Critical reception for the 2009 production was generally good. Paul Vale of The Stage wrote, "John Stanley’s new play represents a sterling attempt to marry farcical comedy with weightier themes." QX Magazine criticized the play as "falling short of brilliant" due to its dual nature of being a drama and a comedy, however eventually concluding that, "...it makes a very welcome change for a gay play to aim to inspire rather than depress! Judging by the moist eyes at the curtain call it certainly succeeds at just that." RemoteGoat described it as a "clever farce", and gave it 4 stars.

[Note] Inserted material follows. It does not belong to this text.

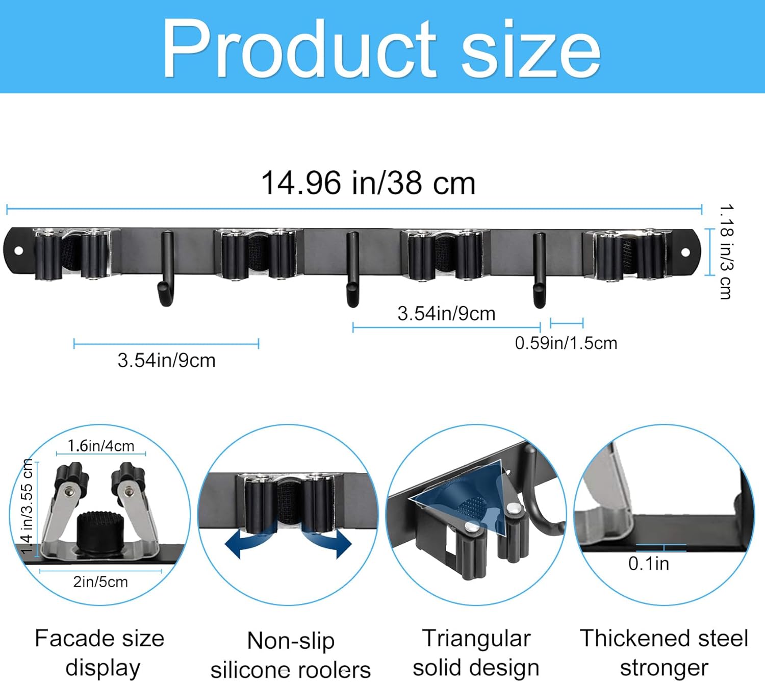 - Space-saving: By organizing your cleaning tools on the wall, the broom hooks wall mounted frees up valuable floor space. Black broom holder makes it a great space-saving option for small homes, apartments, or closets, Broom rack wall mount can help to reduce clutter and create a more organized living space.
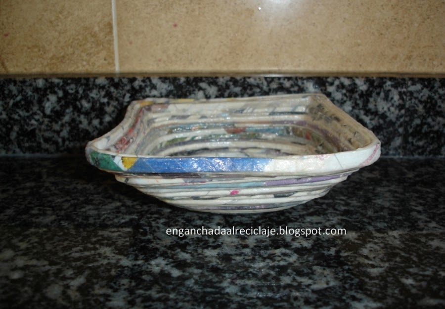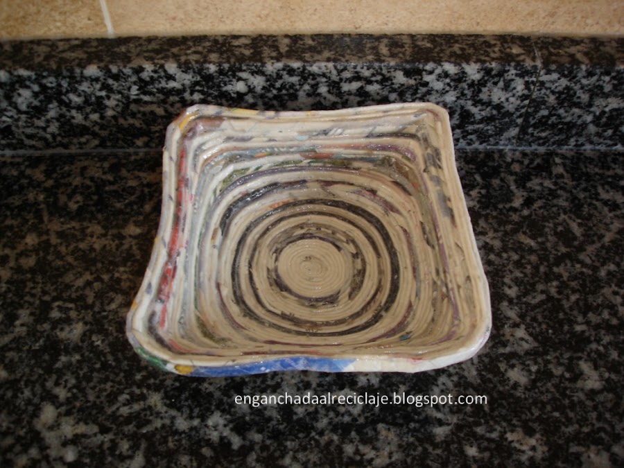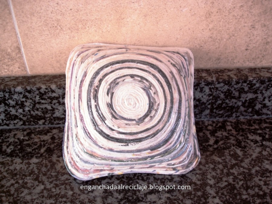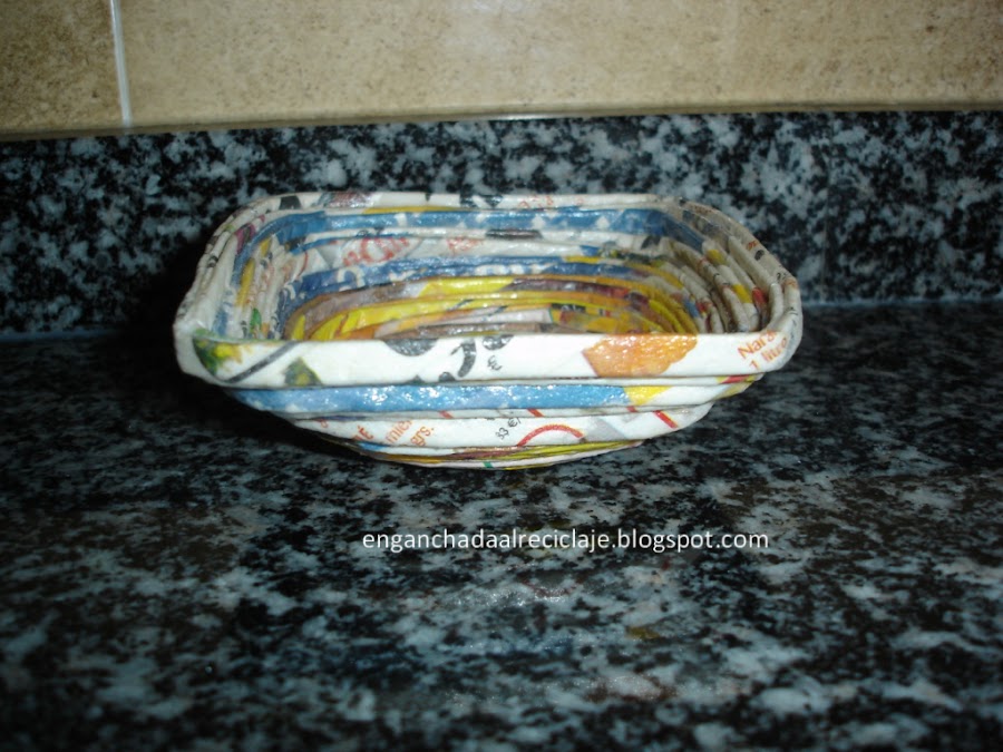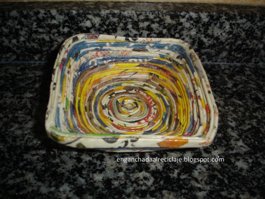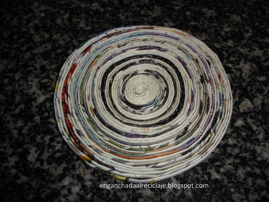 Para hacer estos platos pequeños para caramelos hacemos unos cuantos rollitos de revistas, los aplanamos y los enrollamos combinando los colores hasta hacer un rosco grande.

The 2012 revival garnered largely positive reviews. So So Gay, published an online review of the LOST revival production which said “Proud could be described as the meeting ground for Jonathan Harvey’s Beautiful People – a much loved show that is now considered a classic – and La Cage Aux Folles by Harvey Fierstein and Jerry Herman. Filled with likable characters and an ongoing attempt at deception and hidden identities, Proud written by John Stanley, may quickly develop its own little resting place along with those memorable and historically-important shows.” While QX magazine said “Stanley essentially subverts the classic farce genre playing with the scenario of ‘dinner party gone wild’. Stanley’s writing also keeps the action zipping along with some fantastic, snappy dialogue and some great comic one-liners. The play also covers themes wider than ‘just gay issues’ as we are party to scenes covering the themes of parenting, family conflict and the journey into adulthood, all presented to us in an entertaining, engaging and accessible style.”

Writer John Stanley has discussed the creation of Proud on a number of websites including Whatsonstage.com. and GaydarNation.